One of the primary goals of this task is to identify the proteins present in the sample. The above list shows the grouping by scan number i.e., each row represents a scan, follwed by a peptide match and hence the protein sequence. To easily visualize which proteins are abundant and to see the peptide list of the protein matches, it is better if we group by proteins.

This is done by groupby function (on protein), followed by peptide counts. We can group either by Accession or Defline of the OMSSA search results. Accession here is a short unique identifier, but we have to search the fasta file to figure out what protein this Identifer represents. Instead, I used Defline column that seems to give the protein description.

group_by_protein = Target_yeast_hits_only.groupby(' Defline')[' Peptide'].value_counts().sort_values(ascending=False)

Let’s see how the grouping looks like.

group_by_protein.head()

 Defline                                                                                                                                   Peptide     
sp|P00950|PMG1_YEAST Phosphoglycerate mutase 1 OS=Saccharomyces cerevisiae (strain ATCC 204508 / S288c) OX=559292 GN=GPM1 PE=1 SV=3       HGQSEWNEK        8
                                                                                                                                          AGELLKEK         7
sp|P17076|RL8A_YEAST 60S ribosomal protein L8-A OS=Saccharomyces cerevisiae (strain ATCC 204508 / S288c) OX=559292 GN=RPL8A PE=1 SV=4     SKQDASPKPYAVK    5
sp|P29453|RL8B_YEAST 60S ribosomal protein L8-B OS=Saccharomyces cerevisiae (strain ATCC 204508 / S288c) OX=559292 GN=RPL8B PE=1 SV=3     SKQDASPKPYAVK    5
sp|P0C2H7|RL27B_YEAST 60S ribosomal protein L27-B OS=Saccharomyces cerevisiae (strain ATCC 204508 / S288c) OX=559292 GN=RPL27B PE=1 SV=1  KVVIVKPHDEGSK    4
Name:  Peptide, dtype: int64

I only showed first few abundant protein hits.
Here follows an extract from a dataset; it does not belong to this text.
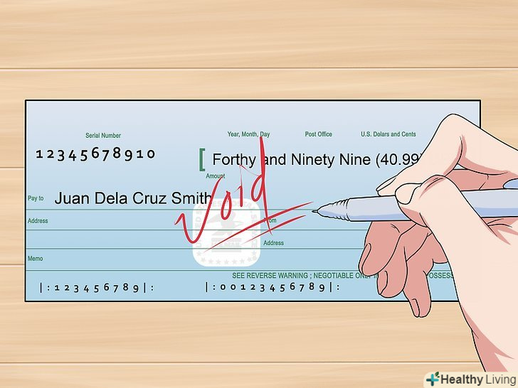 Анулюйте чек і надайте докази. не анулюйте чек, поки програма не запропонує вам зробити це. Тепер маркером напишіть слово "VOID" (анульований) на лицьовій стороні чека, а потім дотримуйтесь інструкцій на екрані, щоб зробити нову фотографію чека. Коли процес завершиться, на екрані з'явиться підтвердження.

Basically each line in the table represents a protein, followed by the peptides that are mapped to this protein, along with the peptide counts. For example, for the PMG1_YEAST, The peptides mapped were HGQSEWNEK (8 matches), AGELLKEK (7 matches). So, the abundant proteins in the mgf file are PMG1, and other ribosomal proteins!

I hope this primer on reporting proteomics results is helpful

  1. to understand which sections of proteomics results are useful to visualize,
  2. to learn how to use jupyter notebook to make this visualization simpler and finally
  3. to identify the abundant proteins present in the sample.

The Jupyter notebook used to analyze the OMSSA data, publish figures and generate tables is also provided here for interested users.